With DNSSEC, each zone has a set of keys used to sign answers in the zone; the zone signing key, which signs the records, and the key signing key, which signs the zone signing key. You learn the key signing key for a zone when receiving a delegation; the delegating server adds a special record informing you of the key for the zone they're passing you to.

doorlock.jpg

Looking at the incident, it appears that a compromised Twitter employee email account was used to reset an administrative account login with their registrar, and then that account was used to change the delegation for twitter.com. Had Twitter been using DNSSEC, Twitter would have needed to provide the public half of their key signing key to their registrar. Odds are, that would be in the same interface that was used to redirect twitter.com. An adversary would have been able to alter the DNSSEC delegation just as easily as they altered the zone delegation.

DNSSEC has a lot of strengths, but it isn't a magic bullet for all of the weaknesses in the DNS infrastructure.

December 18, 2009

Modeling Imperfect Adversaries

An important piece of risk assessment is understanding your adversaries. Often, this can degenerate into an assumption of perfect adversaries. Yet when we think about risk, understanding that our adversaries have different capabilities is critical to formulating reasonable security frameworks. Nowhere is this more true than in the streaming media space.

Brian Sniffen (a colleague at Akamai) recently presented a paper at FAST exploring ways of considering different adversaries, especially in the context of different business models.

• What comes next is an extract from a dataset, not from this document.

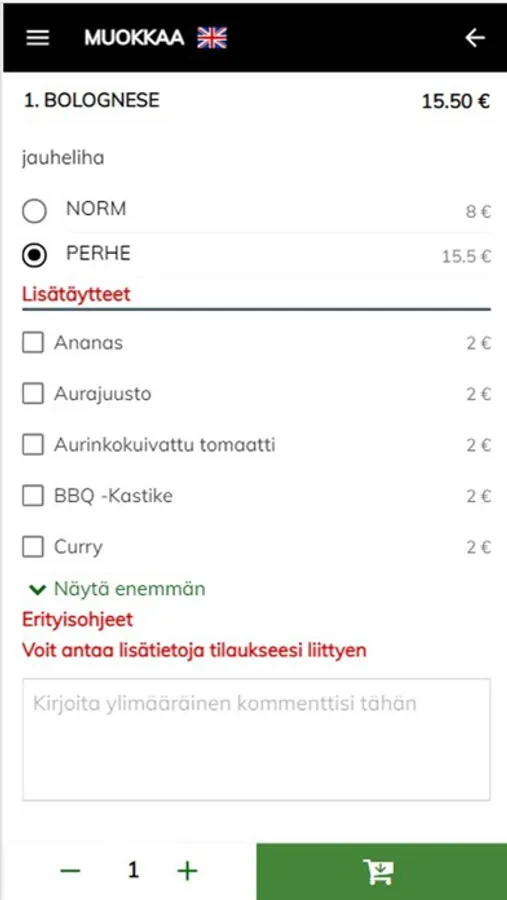 Valittuasi halutun ruoka-annoksen, lisäät sen ostoskoriin – tai valitset esim. lisätäytteitä. Voit tehdä vielä

He presents some interesting concepts worth exploring if you're in the space:

  • Defense in breadth: The concept of using different security techniques to protect distinct attack surfaces, specifically looking at defeating how a specific adversary type is prone to conduct attacks.
  • Tag-limited adversaries: An extension to the Dolev-Yao adversary (a perfect adversary who sits inline on a communication stream), the tag-limited adversary may only have knowledge, capabilities, or desire to conduct attacks within a limited vocabulary.

His paper is also a good primer on thinking about streaming threat models.

December 15, 2009

Virtual Patching

Virtual patching, for those new to the term, is the practice of adding a rule to a Web Application Firewall (WAF) to filter out traffic that could exploit a known vulnerability in a protected application. This has triggered debate in the security community -- is this a good thing? Why would a developer fix the vulnerability if it is mitigated?

bandaid.jpgFirst off, Virtual Patching is, in fact, a good thing. The development turnaround time for a WAF rule is almost certainly shorter than the development cycle for the backend application, so this shortens your mitigation window. That shouldn't really be a topic of debate.

The interesting debate, then, is how we manage the underlying vulnerability. One school of thought argues that the WAF is only a stopgap, and developers should fix the vulnerability because that's the right thing to do. Another school's argument is a bit more complex. Don't fix the vulnerability. Fix the entire class of vulnerabilities.

If you have a vulnerability in a webapp, odds are that it's a symptom of a greater category of vulnerability. That CSRF bug on one page likely reflects a design flaw in not making GET requests nullipotent, or not using some form of session request management. Given the urgency of an open vulnerability, the developers will likely focus on fixing the tactical issue. Virtually patch the tactical vulnerability, and focus on the flaw in the foundation. It'll take longer to fix, but it'll be worth it in the long run.